The group paintings “Memory” and “Track of Light” wholly present a visual effect of white and black, but if the viewer patiently and permanently sees the details, he would find that the abstract and mysterious images are hidden in the painting. “Memory” presents the process of the consciousness as transforming from the opaque to transparent, and the image gradually emerges from the white background, and then gradually fades. The “Track of Light” showcases the process of the light that is created in the light and then enters darkness, and Shirazeh believes that, each person’s inner core is dark, while the creative imagination is able to illuminate this dark space.
The diptychs created by Shirazeh is of the characteristic of fluctuation and swinging between two kinds of reversed existences and thinking about the relationship between the individual and the universe through the tension created by the limitation of the painting and the infinite of the universe. For example, the work “Between” tells the process of the birth of the universe, and it also contains the opposite force in this process, and the image constantly traveled to and fro between death and regeneration; the work “Deluge Myth” is constantly overlaps with two phrases of “I'm” and “I'm not” to form a rotating and rolling visual state, swinging between the certainty of “I’m” and the uncertainty of “I’m not”, and the viewer finds their own visual or mental “entrance”.

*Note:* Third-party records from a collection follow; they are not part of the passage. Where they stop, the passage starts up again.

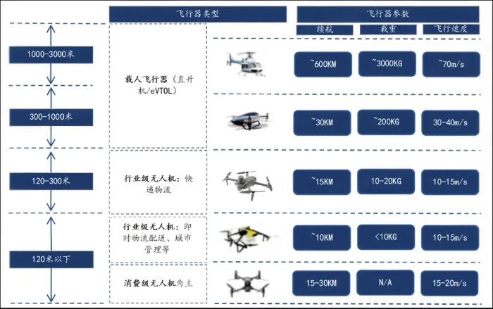 圖1 低空飛行器類型及空域區(qū)間示意圖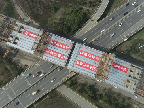 白沙洲大道快速化改造主線跨三環(huán)線頂推完成后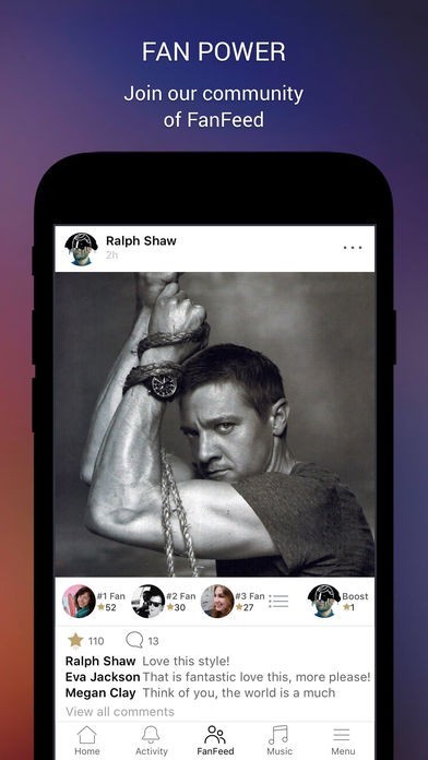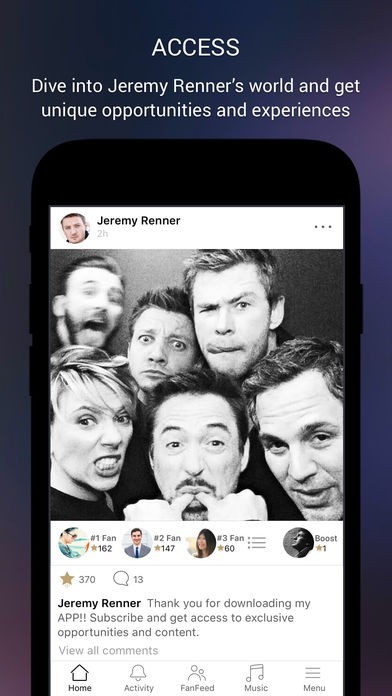 - Boost your comments with Superstars, become a Top 3 Fan, and be seen by Jeremy Renner.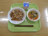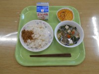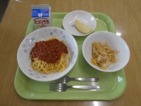 【今日の献立】 ・牛乳・ガーリックトースト・ポークビーンズ・フルーツポンチ【今日の生鮮食品】・にんにく(青森県) ・セロリー(静岡県) ・じゃがいも(鹿児島県)・たまねぎ(北海道) ・にんじん(静岡県) ・ぶたにく(埼玉県・群馬県)・とりガラ(宮崎県)
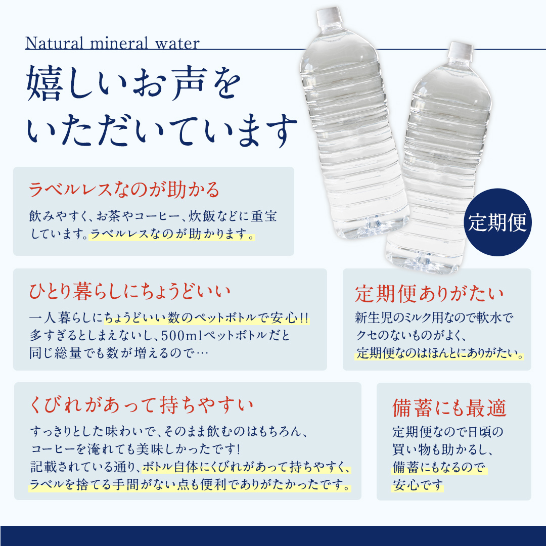 【 3か月 定期便 】 嬬恋 の 天然水 ラベルレス ボトル 2L × 10本 入 × 3箱 × 3回 水 ミネラルウォーター 2000ml 90本 3回定期便 飲料水 通販 定期 備蓄 ローリングストック 備蓄用 ペットボトル 防災 工場直送 箱買い まとめ買い 国産 防災 嬬恋銘水 日用品 [BA019tu]

The installation work of “Breath” was displayed in the Venice Biennale in 2013, which is a square structure covered with black felt, through a channel one can enter a dim white space, with four screens playing so people can sing to represent each faith, Buddhism, Christianity, Judaism and Islam, and the combination of the sound and images captures the breath of the performers.

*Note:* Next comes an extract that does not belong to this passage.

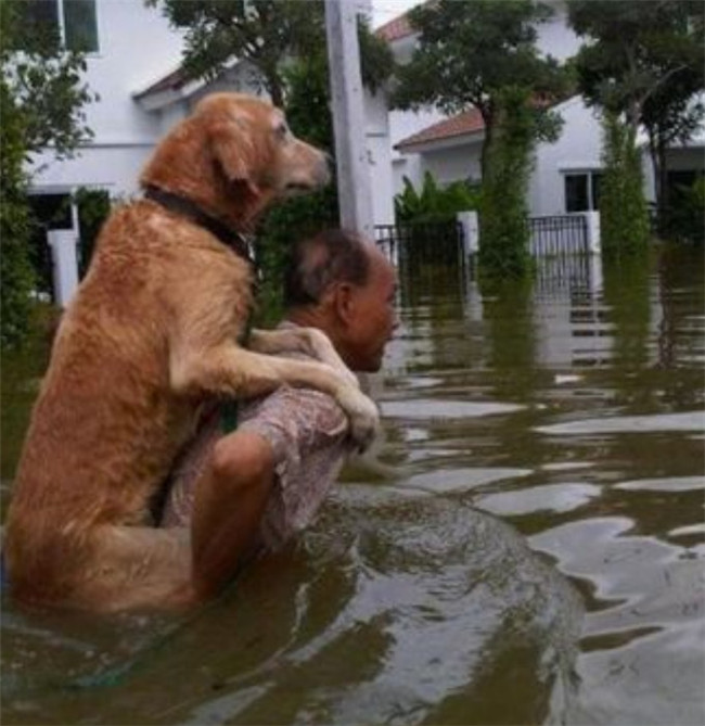 ▼13. 洪水中,泰國男子背著他的大狗。

Sculpture is also a representative form of artistic creation for Shirazeh, and it has formed its own unique sculptural language over the years. The sculptural works commonly use the hollow anodized aluminum blocks combined with the solid ones as materials, superimposed to a twisted form, and the superficial holes allow the light and air to go through it, constantly forming a conversation between the virtual and reality, and the viewer’s sight also flows, and then she introduces the sculptural work “Lacuna”. Light and shadow which is indivisible from the sculpture of Shirazeh, the light is necessary for the existence of shadow, while the shadow is the absence of light.
Designed in 1722, the St. Martin Church in London was in the renovation program that invited Shirazeh to redesign an important window on the east of the building. she said that, in order to both create and resonate with people from different religious backgrounds, and be in line with the original architect’s design concept and the overall layout of the church, she designed a glass window with a “elliptical” twisted grid in the center, which creates a vertical energy, echoing the cruel meaning of the cross.

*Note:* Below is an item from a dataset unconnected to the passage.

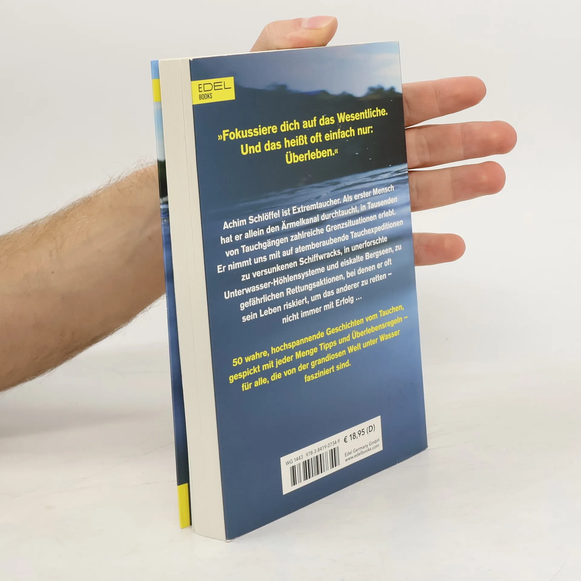 Achim Schlöffel ist Extremtaucher. Als erster Mensch hat er allein den Ärmelkanal durchtaucht, in Tausenden von Tauchgängen zahlreiche Grenzsituationen erlebt. In 50 hochspannenden Berichten erklärt er den Sog der Tiefe und den richtigen Umgang mit der Angst, erzählt von seinen aufregendsten und gefährlichsten, aber auch schönsten Erlebnissen in der faszinierenden Welt unter Wasser. Er nimmt uns mit auf atemberaubende Tauchexpeditionen zu versunkenen Schiffwracks, in unerforschte Unterwasser-Höhlensysteme und eiskalte Bergseen, zu gefährlichen Rettungsaktionen, bei denen er mehrfach sein Leben riskiert, um das anderer zu retten – nicht immer mit Erfolg. Dazu liefert der Tauchprofi eine Menge Tipps für ambitionierte Hobbytaucher, u.a. seine spektakulärsten Wracks, Höhlen und Tauchplätze, sowie die wichtigsten zehn Überlebensregeln. Eine der ersten: Zwischen „Ich kann nicht mehr“ und „Es geht nicht mehr“ ist immer noch genug Luft, um weiterzumachen.

At the end of the lecture, Shirazeh screened the video creation – “Dust”, echoing the breathing of life and the flowing perception delivered by the video of “Veil”. In the view of Shirazeh, everyone has a layer of deep skin that separates the internal existence from the external existence, and it is important to open this layer of skin, to recognize the way which it connects the ego and the world. Her idea is conveyed to the audience by the works with a variety of rich forms of language, and through the language to have an enlightening expression in the lecture, so that the audience had an in-depth experience of the work, while it also opened a new personal space of sense.